Featured Interview – Dave Riley

Where there’s a will, there has to be a way.

And rules be danged, but young Dave Riley was going to do whatever it took to catch Howlin’ Wolf doing his thing.

On the West Side of Chicago in the early 1960s, state law said that young ‘uns, like Riley was at the time, were not allowed to venture into the local clubs and juke joints, hotspots where men like The Wolf and Muddy Waters were playing on a nightly basis.

So instead of actually setting foot inside those clubs, the resourceful Riley came up with another solution.

“Eddie Shaw had a club not far from where we lived,” Riley said. “We wanted to see The Wolf and them, but we weren’t supposed to go in. So instead, we’d go in the alley and stand or sit on some milk crates to watch ‘em, through the window or door. Oh, man, I used to just love that.”

That determination to accomplish a task, no matter what the odds, has served Riley well, whether in his day job as a prison guard, or in his night job playing the blues all over the globe.

And globetrotting all over the world is something that the guitar-playing Riley and his partner-in-crime, harpist extraordinaire Bob Corritore, have been well-versed in the past several years.

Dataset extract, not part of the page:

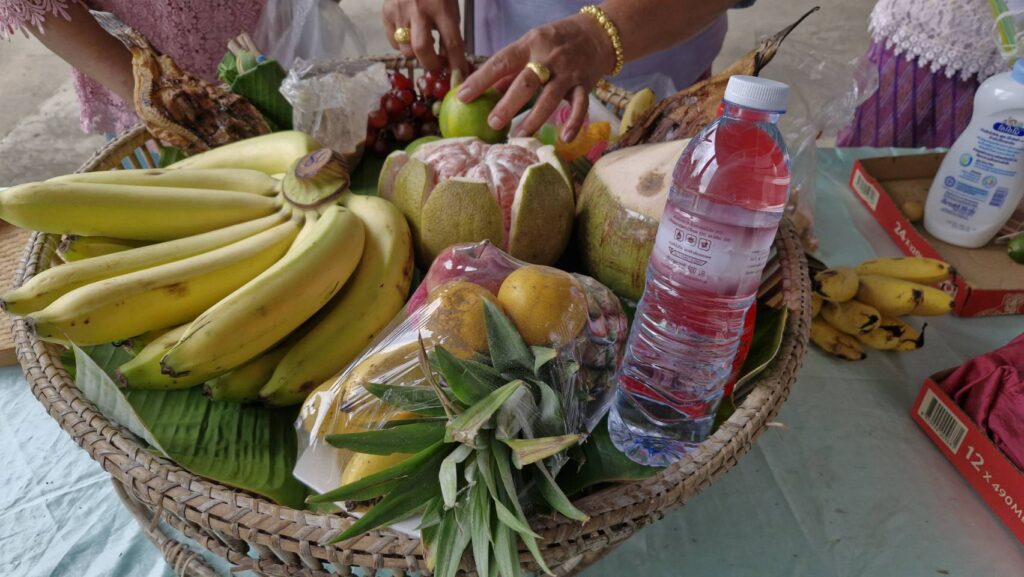 ประเพณีทำขวัญข้าว จะมี อยู่ 2 ช่วง คือ ช่วงที่ข้าวตั้งท้อง และช่วงข้าวพร้อมเกี่ยว โดยในแต่ละช่วงจะมีเครื่องเซ่นไม่เหมือนกัน เครื่องเซ่นของการทำขวัญข้าวตอนตั้งท้องด้วยความเชื่อที่ว่า แม่โพสพเป็นมนุษย์หรือสิ่งมีชีวิตเช่นเดียวกัน พอข้าวตั้งท้อง จึงเชื่อว่าจะอยากทานอาหารเหมือนคนท้อง สิ่งที่ขาดไม่ได้ในเครื่องเซ่นช่วงดังกล่าวจึงเป็นของรสเปรี้ยว อ้อย น้ำมะพร้าว เป็นต้น นับว่าเป็นการสืบสานประเพณีการทำขวัญข้าว ของชาวบ้านในพื้นที่อำเภอพิมาย ที่เคยถือปฏิบัติสืบทอดกันมายาวนานหลายปี

“Yeah, we just got back from overseas. The tour was great, man. We started out in Holland at a festival and then we went to Belgium and then did a little tour over there,” Riley said. “We played at one little club there that had been trying to get me to play for six or seven years. But we met some interesting people and everyone had a good time.”

Riley seemed genuinely touched by the reception that was bestowed upon them during their recent European jaunt.

“The European audiences really appreciate blues music – especially when it’s done right,” he said. “There’s a right way to do the blues and there’s a wrong way to do the blues. We try to do it the right way, because I was raised to do things the right way.”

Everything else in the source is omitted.